India's five largest IT services suppliers look set to double their market share in the UK by 2011.
This is according to Karen Geldenhuys, MD of Abacus Recruitment, who says research shows that Infosys, TCS, Wipro, HCL and Satyam are on track to boost their share of the UK's software and IT services market over the next three years from 3% to 7%.
"A 7% market share might not sound that big. But it is a big market. It was also reported in the UK-based online publication, www.contractorUK.co.uk that at least one of these software giants will breach the $1 billion-a-year revenue mark," says Geldenhuys.
"Despite a lot of conjecture about India losing its foothold as the leading software outsourcing destination of choice, it still has a lot of clout. Despite facing capacity problems – such as energy supply problems – they are still a force to be reckoned with. It is unlikely that they are going to tumble from the world rankings very far in the next decade – if at all."

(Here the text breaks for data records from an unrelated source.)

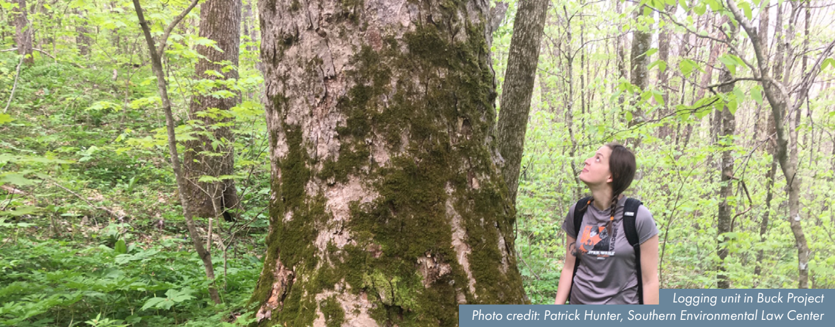
Logging unit in Buck Project
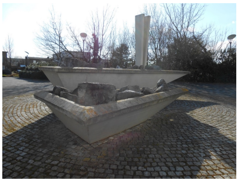
Fig. 3. The artwork next to the Rodahal.
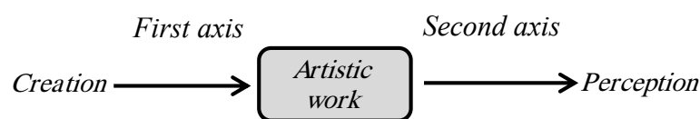
Figure 1: Two axes of the work of art based on Jauss's perspective

From Jauss' perspective, a work of art has two axes: creation and perception (Figure 1). In his point of view, the reader is not a mere discoverer, but he is a creator. He limits himself to neither representing the truth nor the history and the past. Jauss introduces the concept of the horizon of expectation to explain his theory (Namvar Motlagh, 2008: 90-100), i.e. how the audience, as the main element in perception, has an aesthetical perception that refers to his horizon of expectation.

The online publication reports that, in the last 18 months, UK companies including Carphone Warehouse, Skandia and DSG, have all committed to contracts with Indian IT suppliers worth over £100-million.
"Yet to continue to secure deals of this magnitude, the IT vendors must also tackle the steady erosion of their price advantage in light of rising domestic labour costs," says Nick Mayes, senior consultant at PAC.
"Low prices are no longer the only weapons in the armoury of the Indian services vendors, and they are winning business against Western suppliers on the quality and depth of their offerings," he adds.
Commenting further, Geldenhuys says these "market rumblings don't augur well for South Africa's brain drain."